Team handel en haven
zaaknummer / rolnummer: C/10/653677 / HA ZA 23-214
Vonnis van 31 juli 2024
in de zaak van
de besloten vennootschap met beperkte aansprakelijkheid
TOF PROJECTREALISATIE B.V.,
gevestigd te Capelle aan den IJssel,
eiseres in conventie,
verweerster in voorwaardelijke reconventie,
advocaat: mr. M.C. van den Ende te Rotterdam,
tegen
de besloten vennootschap met beperkte aansprakelijkheid
BODYBASE B.V.,
gevestigd te Rotterdam,
gedaagde in conventie,
eiseres in voorwaardelijke reconventie,
advocaat: mr. J.H.C. van den Akker te Zeist.
Partijen zullen hierna TOF en BodyBase genoemd worden.

1.De procedure

1.1.
Het verloop van de procedure blijkt uit:
  • het tussenvonnis van 20 maart 2024 en de daaraan ten grondslag liggende processtukken;
  • de akte houdende bewijslevering tevens houdende overlegging producties van TOF, met producties 24 tot en met 51;
  • de antwoordakte bewijsopdracht/producties van BodyBase.
1.2.
Ten slotte is opnieuw vonnis bepaald.

2.De verdere beoordeling

De stand van zaken

2.1.
In conventie vordert TOF betaling van twee onbetaald gebleven facturen.
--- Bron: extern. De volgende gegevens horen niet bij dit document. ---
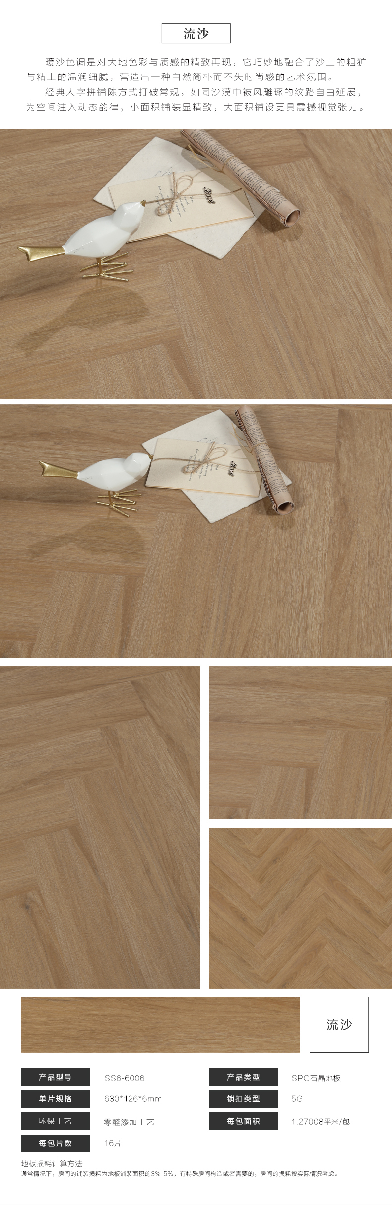 贝尔地板 SPC生态石晶地板 人字拼 6mm SS6-6006 630*126*6+0(0.5)/16P

In het tussenvonnis heeft de rechtbank overwogen dat de vordering van TOF, voor zover die betrekking heeft op de factuur met nummer [factuurnummer 1] , zal worden afgewezen. Daarnaast heeft de rechtbank TOF opgedragen te bewijzen dat zij de werkzaamheden die zij met de factuur met nummer [factuurnummer 2] in rekening heeft gebracht, heeft uitgevoerd. Ten slotte heeft de rechtbank overwogen dat de vorderingen in voorwaardelijke reconventie worden afgewezen.
in conventie
Op welke werkzaamheden ziet factuur [factuurnummer 2] ?
2.2.
BodyBase heeft aangevoerd dat het oordeel van de rechtbank dat factuur [factuurnummer 2] ziet op werkzaamheden uit de oorspronkelijke offerte of uit (een bijlage bij) de op 17 en 24 oktober 2022 verzonden e-mails met de stand van zaken, onjuist is. Volgens BodyBase bestond er geen overeenstemming tussen partijen over de werkzaamheden waarop de factuur ziet.
2.3.
De rechtbank overweegt dat zij op basis van hetgeen zij onder 4.11 in het tussenvonnis heeft overwogen tot de conclusie is gekomen dat BodyBase heeft ingestemd met de uitvoering van de werkzaamheden die in de oorspronkelijke offerte ofwel in (een bijlage bij) een van de op 17 en 24 oktober 2022 verzonden e-mails over de stand van zaken van de werkzaamheden stonden omschreven, althans dat BodyBase had moeten begrijpen dat zij hiervoor kosten verschuldigd zou zijn. De rechtbank ziet geen aanleiding om terug te komen op die beslissing.
2.4.
TOF heeft aangevoerd dat factuur [factuurnummer 2] (d.d. 14 november 2022) een termijnfactuur is en gebaseerd is op de stand van zaken per 24 oktober 2022. Aangezien het factuurbedrag slechts een deel is van het totale bedrag dat volgt uit de stand van zaken, er voordien andere termijnfacturen zijn verzonden en op de factuur “bij voortgang werkzaamheden” is vermeld, is de rechtbank met TOF van oordeel dat factuur [factuurnummer 2] een termijnfactuur betreft. Dat betekent dat daarmee niet slechts de werkzaamheden sinds de vorige termijnfactuur in rekening worden gebracht. Het verweer van BodyBase, dat factuur [factuurnummer 2] uitsluitend kan zien op werkzaamheden in de periode vanaf 31 oktober 2022 (datum voorgaande termijnfactuur) tot 14 november 2022 (datum factuur [factuurnummer 2] ), slaagt daardoor niet.
2.5.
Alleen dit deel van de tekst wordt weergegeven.